Dynamic Tokenization via Reinforcement Patching: End-to-end Training and Zero-shot Transfer
Source: arXiv:2603.26097v1
Announcement Type: Cross
Abstract
Efficiently aggregating spatial or temporal horizons to acquire compact representations has become a unifying principle in modern deep learning models. However, learning data-adaptive representations for long-horizon sequence data, particularly continuous sequences like time series, remains an open challenge. While fixed-size patching has improved scalability and performance, discovering variable-sized, data-driven patches in an end-to-end manner often necessitates reliance on soft discretization, specific backbones, or heuristic rules.
Introduction
In the rapidly evolving field of deep learning, the ability to handle long-horizon sequence data effectively is crucial. Traditional methods have struggled to balance the need for adaptive representation learning with the constraints of model architecture and computational efficiency. The introduction of Reinforcement Patching (ReinPatch) marks a significant advancement in this domain.
What is Reinforcement Patching?
ReinPatch is the first framework designed to optimize both a sequence patching policy and its corresponding downstream sequence backbone model using reinforcement learning. This innovative approach addresses key limitations of existing methods by:
- Formulating patch boundary placement as a discrete decision-making process.

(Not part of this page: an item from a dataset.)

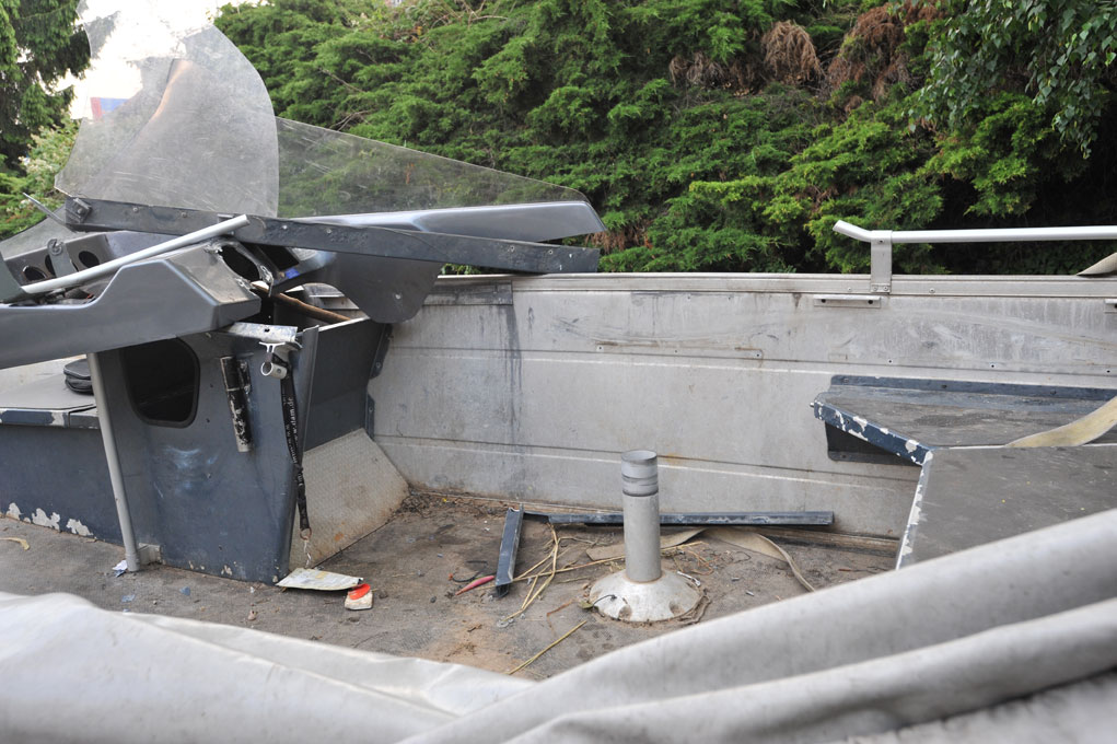 Michael / Holger: Das Boot ist ziemlich gleich geblieben - wieder ein Buster XXL! Diesmal aber mit 2. Stand links. Es waren wohl doch Angler, denn alle Kisten mit Ködern und die Vielzahl der Köder auf dem Boden ging auch mit. Das Boot war insgesamt schon bis auf eine Handvoll Köder ausgeräumt... :evil:

- Utilizing Group Relative Policy Gradient (GRPG) for optimization, eliminating the need for continuous relaxations.
- Enabling dynamic patching policy optimization in a more intuitive manner.
Key Features
The primary advantages of the ReinPatch framework include:
- Desired Compression Rate: ReinPatch allows for strict enforcement of a specific compression rate, which frees the downstream backbone to scale efficiently.
- Hierarchical Modeling: The method naturally supports multi-level hierarchical modeling, enhancing its versatility across different applications.

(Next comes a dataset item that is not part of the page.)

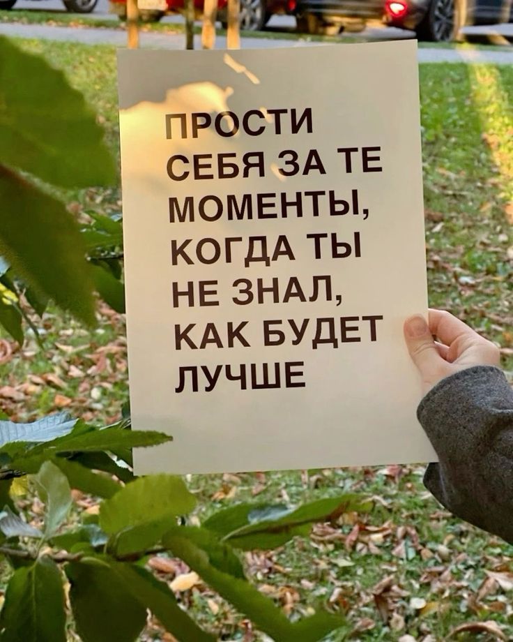 На изображении человек держит лист бумаги с надписью: "Прости себя за те моменты, когда ты не знал, как будет лучше". На заднем плане зелёная трава и автомобили.

- Standalone Patching Module: The design enables the patching module to be utilized independently, offering valuable insights into segmentation behaviors driven purely by performance.
Evaluation and Results
ReinPatch has been rigorously evaluated on various time-series forecasting datasets. The results indicate that it demonstrates compelling performance when compared to state-of-the-art data-driven patching strategies. The effectiveness of ReinPatch lies in its ability to adaptively learn from the data, optimizing the patching process without compromising on model performance.
Conclusion
In conclusion, Reinforcement Patching represents a notable leap forward in the realm of sequence modeling and tokenization. By combining reinforcement learning with a focus on data-driven patching strategies, this framework not only enhances the efficiency of long-horizon sequence processing but also opens the door for future advancements in the field.
As the community continues to explore the implications of ReinPatch, it is expected to provide deeper insights into the segmentation behaviors that are optimal for performance-driven neural networks, paving the way for more adaptive and efficient deep learning models.